The film is inspired by real-life experiences of the cast and crew during the shooting of Varma's earlier film, Jungle (2000), which was filmed in the Bandipur forest reserve in Karnataka. During the production of Jungle, members of the film unit reported feeling being watched while shooting in the dense jungle. Some cast members, including lead actors, expressed discomfort and a sense of being stalked. One crew member reportedly lost her way for several hours and, upon returning, was unable to communicate and chose to leave the jungle for Mumbai immediately. Varma noted that while the experiences were not explicitly supernatural, they contributed to an unsettling atmosphere among the crew, leading to speculation about the cause of their feelings—ranging from paranormal activity to concerns about local wildlife or the presence of notorious criminals, such as Veerappan's men. These eerie incidents served as the basis for Agyaat, which explores themes of suspense and the unknown in a similar setting.

==Cast==
- Nitin Reddy as Sujal
- Gautam Rode as Sharman Kapoor
- Priyanka Kothari as Aasha
- Ravi Kale as Rakka
- Ishrat Ali as Moorthy
- Howard Rosemeyer as JJ
- Kali Prasad Mukherjee as Shekhar "Shaky"
- Rasika Dugal as Sameera
- Joy Fernandes as Sethu
- Ishtiyak Khan as Laxman

==Music==

| Song | Music | Lyrics | Singer(s) | Duration | Notes |
|---|---|---|---|---|---|
| "Jai Shiv Bum Shambhu" | Imran-Vikram | Prashant Pandey | Runa Rizvi & Bonnie Chakraborty | 5:06 | Song starring Gautam Rode and Priyanka Kothari |
| "Kiss You Day And Night" | Imran-Vikram | Sandeep Singh | Bhaven, Banjotsana & Earl | 4:34 | Song starring Nitin Reddy and Priyanka Kothari |
| "Koobsurat" | Bapi-Tutul | Prashant Pandey | Shweta Pandit & Vicky B. Joshi | 4:41 | Song starring Nitin Reddy and Priyanka Kothari (Not included in the film) |
| "Sunsakte Ho" | Bapi - Tutul | Sarim Momin | Shweta Pandit | 3:49 | Background piece |
| "Jungle Jungle" | Imran-Vikram | Sarim Momin | Jankee & Imran | 3:43 | Promotional song starring Priyanka Kothari |
| "Na Koi" | Bapi - Tutul | Prashant Pandey | Keka Ghoshal & Bapi Tutul | 3:50 | Background piece |
| "Kiss Mix" | Imran-Vikram | Sandeep Singh | Bhaven, Banjotsana, Earl & Jankee | 3:43 | Remix |

==Reception==
Rajeev Masand of CNN-IBN gave the film 3/5 (Watchable), stating "At a time when special effects and digital tricks can be used to create just about anything, here's a reminder that what really scares us is the stuff we can't see".
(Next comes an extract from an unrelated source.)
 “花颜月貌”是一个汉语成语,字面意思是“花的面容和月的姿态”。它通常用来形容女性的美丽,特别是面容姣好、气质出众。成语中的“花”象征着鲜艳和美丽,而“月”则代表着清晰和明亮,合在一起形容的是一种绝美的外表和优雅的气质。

Nikhat Kazmi of Times of India gave the film 3/5 and noted "It neither thrills nor chills with its repetitive running-for-life sequences and its absolutely infuriating end which offers no explanation whatsoever for the scurrying and screaming".
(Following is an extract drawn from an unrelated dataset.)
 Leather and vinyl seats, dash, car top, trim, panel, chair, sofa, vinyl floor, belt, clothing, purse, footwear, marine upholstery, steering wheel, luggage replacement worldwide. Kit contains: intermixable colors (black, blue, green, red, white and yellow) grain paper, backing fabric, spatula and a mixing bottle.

Subhash K Jha (IBOS) gave 3.5/5 noting "Jungle fever has never been more contagious. Every corner of the Sri Lankan jungle as shot with mesmeric skill by the cinematographer Surjodeep Ghosh is filled with danger."

Taran Adarsh gave this movie a rating of 3/5 saying, "Ramgopal Varma thinks differently. This time too, the maverick film-maker defies the stereotype and takes to the dense forests of Sri Lanka to meet an 'unknown' force" and explains further "But let's clear the misconception at the very start. Agyaat is no supernatural thriller (like Phoonk) or a horror fest (like Bhoot). This one's more of an adventure thriller that doesn't scare you at all, but makes you a participant in a pulse-pounding journey".

== Sequel ==

In Agyaat, Sujal and Aasha, the only survivors of a horrific ordeal, manage to escape the jungle after their film crew is attacked by an unseen creature. In Agyaat 2, Sujal and Aasha report the events to the authorities, prompting Nitin to return to the jungle with police to locate the sites of the crew's deaths. Afterward, Sujal and Aasha return to the city and get married, unaware that the creature has followed them into this new setting, leading to a continuation of their conflict in an urban environment. Much like Agyaat drew inspiration from Predator, Agyaat 2 follows a storyline similar to Predator 2, where the creature transitions from the wilderness to the city, bringing the threat to a populated area. The movie is also inspired by other Hollywood thrillers like Anaconda and Alien.